== Action item ==
In the data below, find the line with "Um in Zeiten" and the line with "お通しの「お新香」と「酎ハイ¥350」でリスタート。", then restate both and every line between them exactly, minus the pictures.

== Records provided ==
****************************************
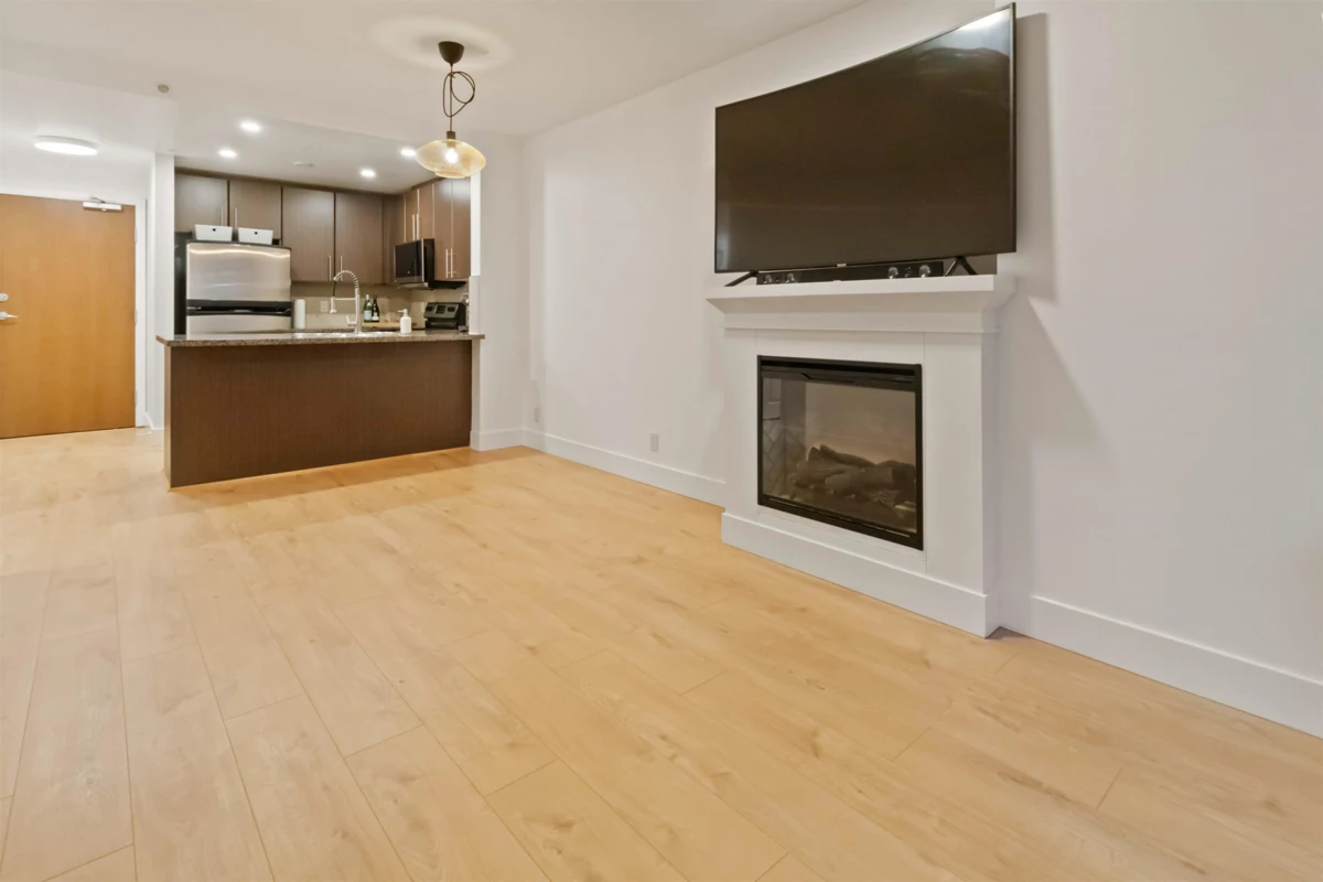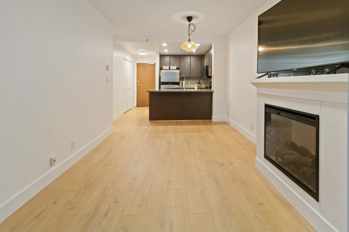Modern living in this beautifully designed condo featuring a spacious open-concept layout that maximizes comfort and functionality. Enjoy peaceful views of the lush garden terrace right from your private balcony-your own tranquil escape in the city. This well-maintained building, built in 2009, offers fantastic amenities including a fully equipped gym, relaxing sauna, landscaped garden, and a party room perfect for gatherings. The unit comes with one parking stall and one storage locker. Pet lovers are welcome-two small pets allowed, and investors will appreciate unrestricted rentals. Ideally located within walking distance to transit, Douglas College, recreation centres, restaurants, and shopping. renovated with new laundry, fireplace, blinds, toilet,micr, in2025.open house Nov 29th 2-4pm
****************************************
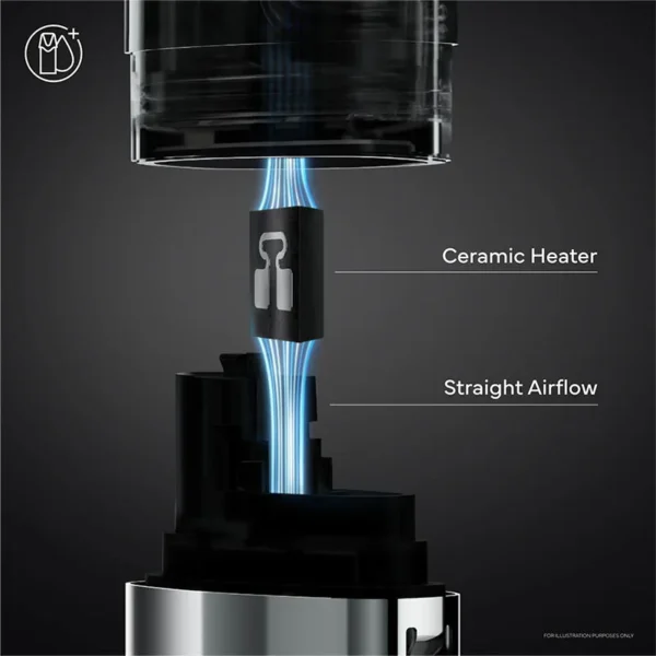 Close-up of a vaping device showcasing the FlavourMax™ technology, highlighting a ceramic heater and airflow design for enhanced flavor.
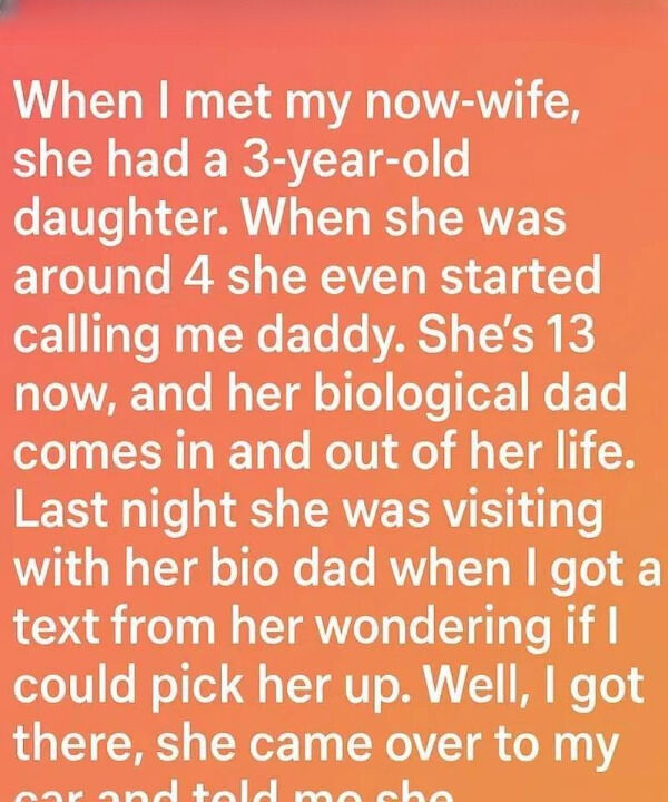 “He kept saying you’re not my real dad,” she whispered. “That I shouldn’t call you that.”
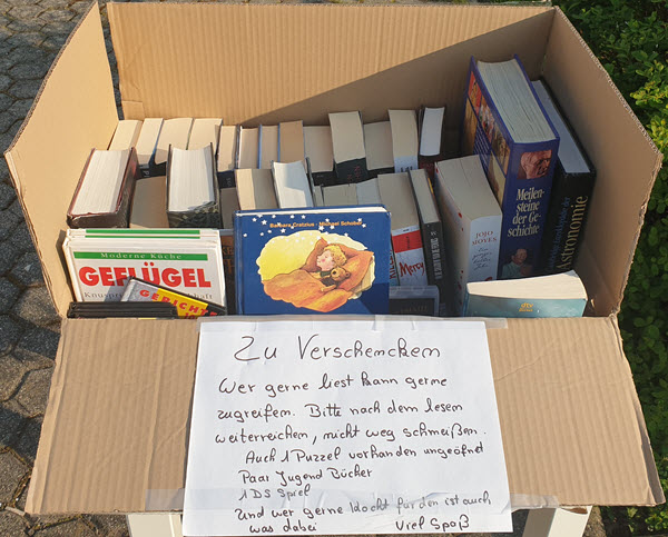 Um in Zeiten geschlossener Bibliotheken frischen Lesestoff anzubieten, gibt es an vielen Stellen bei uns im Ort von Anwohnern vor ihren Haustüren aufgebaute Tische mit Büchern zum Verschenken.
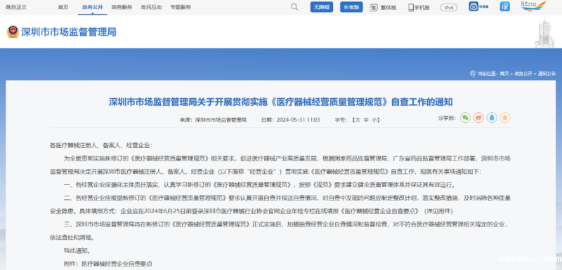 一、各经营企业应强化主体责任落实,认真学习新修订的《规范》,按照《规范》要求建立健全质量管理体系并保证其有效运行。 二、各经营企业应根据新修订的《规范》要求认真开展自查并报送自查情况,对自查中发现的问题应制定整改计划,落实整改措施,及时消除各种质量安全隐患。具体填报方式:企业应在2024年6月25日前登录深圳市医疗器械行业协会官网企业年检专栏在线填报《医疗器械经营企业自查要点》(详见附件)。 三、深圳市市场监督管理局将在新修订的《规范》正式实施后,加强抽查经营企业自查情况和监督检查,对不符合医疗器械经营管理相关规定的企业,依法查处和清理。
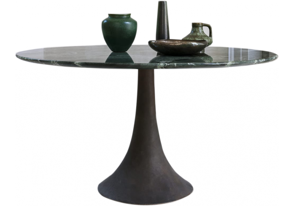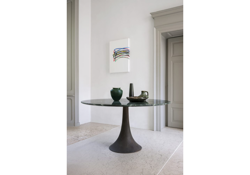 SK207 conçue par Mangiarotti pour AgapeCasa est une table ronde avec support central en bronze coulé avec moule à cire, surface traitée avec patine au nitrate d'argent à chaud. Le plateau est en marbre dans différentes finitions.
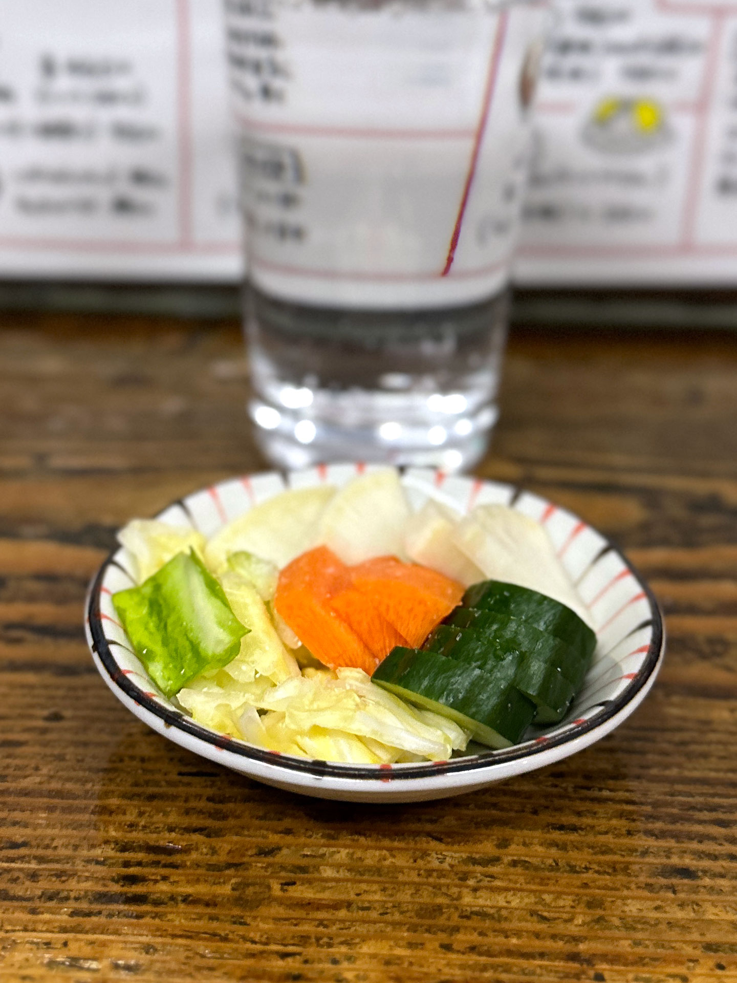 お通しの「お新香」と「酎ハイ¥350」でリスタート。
****************************************
== Output below ==
 Um in Zeiten geschlossener Bibliotheken frischen Lesestoff anzubieten, gibt es an vielen Stellen bei uns im Ort von Anwohnern vor ihren Haustüren aufgebaute Tische mit Büchern zum Verschenken.
 一、各经营企业应强化主体责任落实,认真学习新修订的《规范》,按照《规范》要求建立健全质量管理体系并保证其有效运行。 二、各经营企业应根据新修订的《规范》要求认真开展自查并报送自查情况,对自查中发现的问题应制定整改计划,落实整改措施,及时消除各种质量安全隐患。具体填报方式:企业应在2024年6月25日前登录深圳市医疗器械行业协会官网企业年检专栏在线填报《医疗器械经营企业自查要点》(详见附件)。 三、深圳市市场监督管理局将在新修订的《规范》正式实施后,加强抽查经营企业自查情况和监督检查,对不符合医疗器械经营管理相关规定的企业,依法查处和清理。
 SK207 conçue par Mangiarotti pour AgapeCasa est une table ronde avec support central en bronze coulé avec moule à cire, surface traitée avec patine au nitrate d'argent à chaud. Le plateau est en marbre dans différentes finitions.
 お通しの「お新香」と「酎ハイ¥350」でリスタート。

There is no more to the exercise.